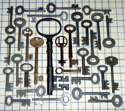 Antique Vintage old skeleton key lot furniture cabinet barrel padlock lock craft
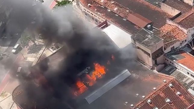 Ainda segundo os bombeiros, parte do teto desabou em decorrência das chamas. Os vídeos que circulam nas redes sociais neste domingo mostram uma intensa chama com densa fumaça saindo de dentro do mercado.
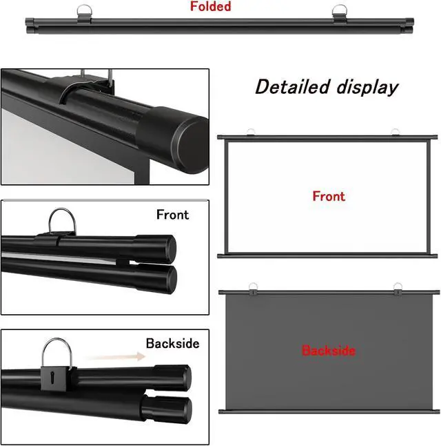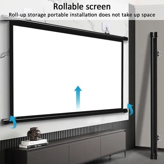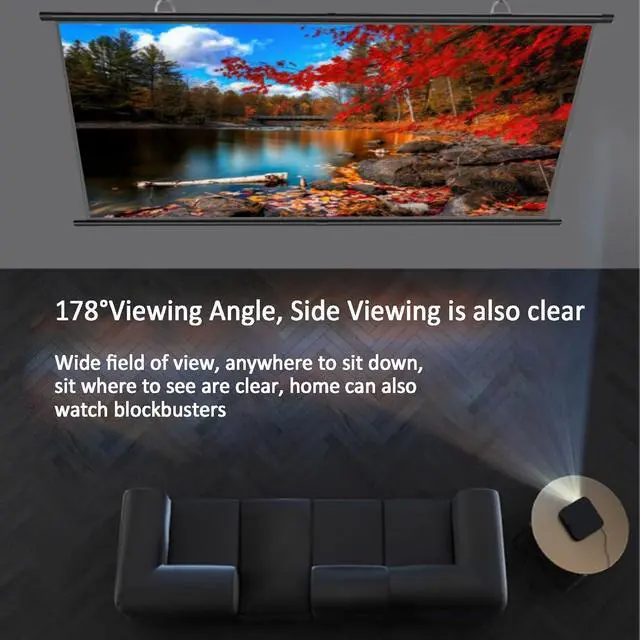 Manually pull down the projection screen and the 178° ultra-wide viewing angle allows you to invite your family, friends and neighbours to watch movies, play games and more. You can choose your favourite position to watch movies without crowding. Can be hung/mounted on the wall or ceiling, two installation methods can meet your needs, keep the screen stable and provide a better viewing experience.
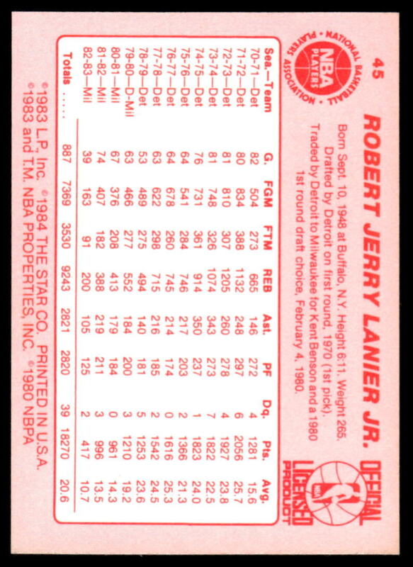 1983 STAR BOB LANIER 45 MINT SP BASKETBALL MILWAUKEE BUCKS
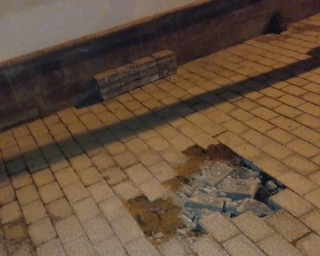 Las obras de reparación de una avería en la red de abasto en la vía de servicio bajo el paseo del parque urbano de San Juan, en su lado naciente, han dejado adoquines sueltos y otros amontonados que, supuestamente, serían para el arreglo del hueco dejado por los trabajos acometidos.

* _ABOUT THIS EXERCISE_: With the images excluded, all entries are to be given again exactly.

* _TASK OUTPUT_:
 Antique Vintage old skeleton key lot furniture cabinet barrel padlock lock craft
 Ainda segundo os bombeiros, parte do teto desabou em decorrência das chamas. Os vídeos que circulam nas redes sociais neste domingo mostram uma intensa chama com densa fumaça saindo de dentro do mercado.
 Manually pull down the projection screen and the 178° ultra-wide viewing angle allows you to invite your family, friends and neighbours to watch movies, play games and more. You can choose your favourite position to watch movies without crowding. Can be hung/mounted on the wall or ceiling, two installation methods can meet your needs, keep the screen stable and provide a better viewing experience.
 1983 STAR BOB LANIER 45 MINT SP BASKETBALL MILWAUKEE BUCKS
 Las obras de reparación de una avería en la red de abasto en la vía de servicio bajo el paseo del parque urbano de San Juan, en su lado naciente, han dejado adoquines sueltos y otros amontonados que, supuestamente, serían para el arreglo del hueco dejado por los trabajos acometidos.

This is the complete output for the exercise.